One release per asset (simple, easy to grep) vs one release per post-bundle (groups related media). v1 ships with one-per-asset for simplicity; one-per-post can be a future migration.
Tag scheme: asset-<sha8> where <sha8> is the first 8 hex of the file's SHA256. Lets us dedupe re-uploads of identical files.
Public URL: https://github.com/<owner>/<repo>/releases/download/<tag>/<filename> — durable, CDN-friendly, no auth needed for public repos.
Range request support: GitHub release assets support Accept-Ranges. <video>/<audio> elements progressive-download / scrub natively. No streaming server needed.
Total quotas: GitHub release assets are 2GB per file, no per-release limit, no per-repo limit (separate from repo size). So even a video-heavy creator stays well under any GitHub limits for a long time.
Future migration path: if a creator outgrows GitHub Releases (rare), the metadata schema's url field is provider-agnostic. They can move assets to R2/B2/S3 and update the metadata; viewer site keeps working.

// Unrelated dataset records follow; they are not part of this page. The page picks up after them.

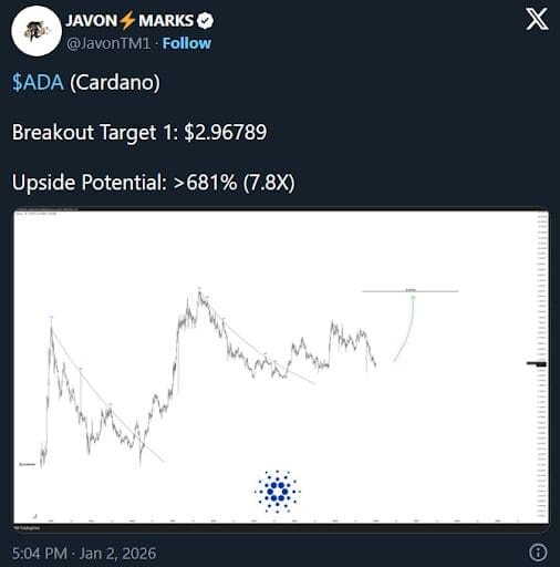 Influencer Javon Marks thinks this uptrend will continue for the Cardano coin. In a recent post, Javon told his X followers that this altcoin is now preparing for a massive upside move. He predicts a potential breakout to the $2.96 level coming soon for the ADA price.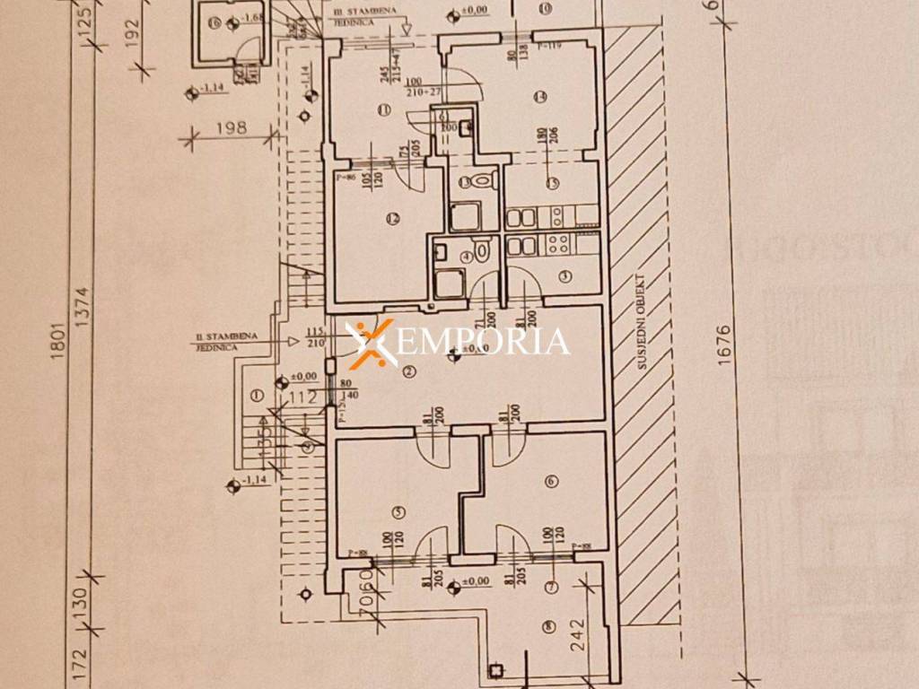 In Privlaka – in the area of ​​Sabunike – a house with 5 apartments is for sale. Distance between the house and the beautiful sandy beaches and the sea is only 460 m.House consists of basement, ground floor and first floor. In the basement there is an apartment with two bedrooms and a storage room. Basement area is 75.16 m2. There are two apartments on the ground floor, one with one bedroom and the other with two bedrooms. Ground floor has a total area of ​​116.80 m2. There are two more one-bedroom apartments on the first floor. The 1st floor has 105.87 m2.Total area of ​​the house is 297.83 m2. Land area is 297 m2. There are 4 parking spaces in the yard.Distance of the house from the center is 2.6 km.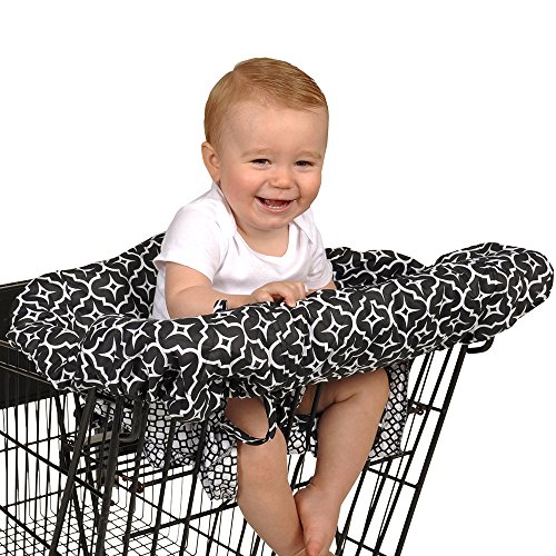 Doubles as a shopping cart or restaurant high chair cover; soft quilted material provides a secure environment for babies with a 360 degree germ-free zone;Combining simplicity and convenience, the cover features four elastic corners that secure it while providing easy one-hand installation; folds up so small that it can fit in your diaper bag so you will always have it with you;Wide safety strap comfortably keeps baby secure while attaching the cover to a shopping cart or high chair;Toy loops allow you to attach baby's favorite playthings;Beautiful 100% cotton fabrics features a bold black and white lattice pattern

Sync between private and public
The publish action is the only one-way bridge from private → public. The reverse (pulling published data back to private) is the unpublish action OR a re-import flow:
- Migration: a creator who previously had a site on Substack/Medium can import their content as drafts into private; from there, publish as normal.
- Cross-device sync: a creator with two devices uses the same GitHub account; the BKA app on each device pulls from + pushes to the private repo. Last-write-wins per file; conflicts are rare in single-creator usage.
The two-repo split is the source-of-truth design. Private is yours alone; public is your face to the world.